Other flows which are mentioned in OIDC and oauth are possible and maybe needed for third party systems, but wherever it is possible we recommend using one of the 3 above mentioned.

If you newly integrate an oauth/oidc based CIAM, you will also have some changes for login and registration. One part is to separate login-forms from the business application to a standalone approach. In cidaas we call it hosted pages.

In this section we will focus on question 4 How should authentification display to the customer?. cidaas provides a default set on hosted pages which can be customized up to a certain level. Logo, appname, colors, background and some more can be changed via configuration. Changes beyond that can be implemented and hosted by your own; gladly also based on our template.

Hosted pages include around 20 pages for login, registration, password forgotten, progressive registration, mfa and much more. Depending on the behavior in the system cidaas calls the corresponding page. With progressive registration your app prompts the user for basic information on the registration page. If another app requests more information additional information page will show and gather more data from the users.

default login page

In our Best Practices chapter we created an entry for conception of hosted pages. Before you start to implement or configure the hosted pages you have to decide some important things like what is your username? or do you want to have passwordless authentification?.

It is also possible to create multiple hosted pages to have different look and feel for each touchpoint.

Separation of business applications and login forms increases the security of the entire project and reduces maintenance and customization costs, as the same hosted pages can be used for multiple touchpoints.

System Landscape Integration

As mentioned in Integrate cidaas into your business there are multiple systems which can be connected to cidaas - CRM system, marketing tool, reporting tools or backend APIs - Therefore the last question we listed above is Which data needs to be shared to other systems?.
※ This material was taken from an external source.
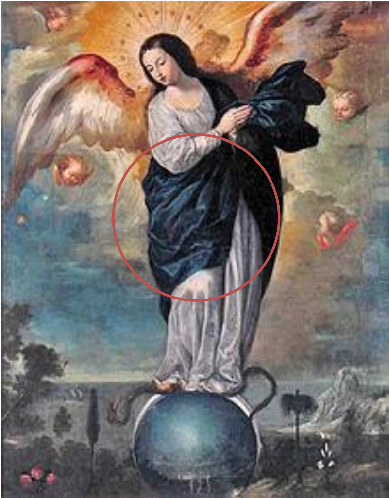
Miguel de Santiago, Virgen alada del Apocalipsis, S.XVII
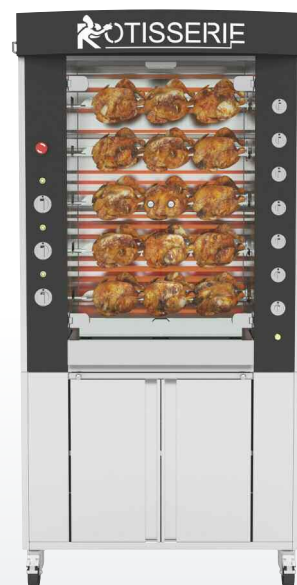
975.5MSE Finition inox

With the approach everything is an API the connection to cidaas is easy and as flexible as possible. To the other direction cidaas provides around 100 events, which could happen in the system like invite user, but also events for configuration changes like app modified.

backend integration

Just have a look to different types of systems and they could integrate/connect.
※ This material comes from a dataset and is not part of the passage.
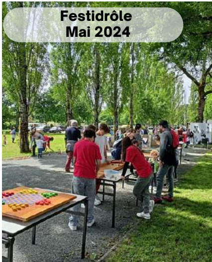
Festidrôle Mai 2024
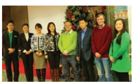
■ 兩位理查德與到訪友人合影。

今年，兩位理查德還和多位熱心的外國專家，義務創辦了《長春通》英文月刊雜誌，他們希望通過《長春通》可以讓外國朋友更加了解長春，了解吉林，甚至是中國的更多信息，讓世界文化在長春融合。他們也希望通過國際友人的眼睛，把美麗長春、魅力吉林的形象傳遞給世界。現在，兩個理查德的中國夢正在逐步實現。

Application specific backends

With OIDC and oauth you should not only secure the access to your portals, but also the permissions against your backend. With scopes and roles you can manage access to business data in a very fine-grained way and gain a high level of security.

To integrate the token check in your backend we provide a list of interceptors or you use the in-house functions of specific technologies like in spring

Customer Relationship Management

The best way to connect to a CRM system is to use webhooks. Mostly a wrapper service is needed to map data to the data-model of the CRM, switch to SOAP APIs or others.

In cidaas admin UI you are able to configure multiple endpoints to multiple events. For sure the endpoints should be secured as well, we suggest to use oauth for this, but you could also use an API-key. Go to settings -> Webhook -> Create Webhook

Webhook Management

webhook conf

Marketing Tools

Marketing Tools like Salesforce Marketing Cloud or Emarsys are used to make marketing campaigns, maintain communication templates and more. It makes sense to reuse these systems and connect them to cidaas, too. see RestAPI Provider

The cidaas consent management could also be used for newsletter consents, which be transferred to the marketing tool. This consents could be shown in the user profile and can be updated by the end user.

To change the communication provider in cidaas you first have to create one. Go to settings -> Communication Provider -> E-Mail -> Add new E-Mail Provider. Afterwards you need to select this provider in your templates. Besides REST you could also configure SMTP or others.

provider conf

Reporting Tools

cidaas provides a huge bunch of different reports, but often there are little differences to the needs of all our customers, so that we cannot meet all of them. We suggest filling a reporting tool with all interesting data and create your own filters and views.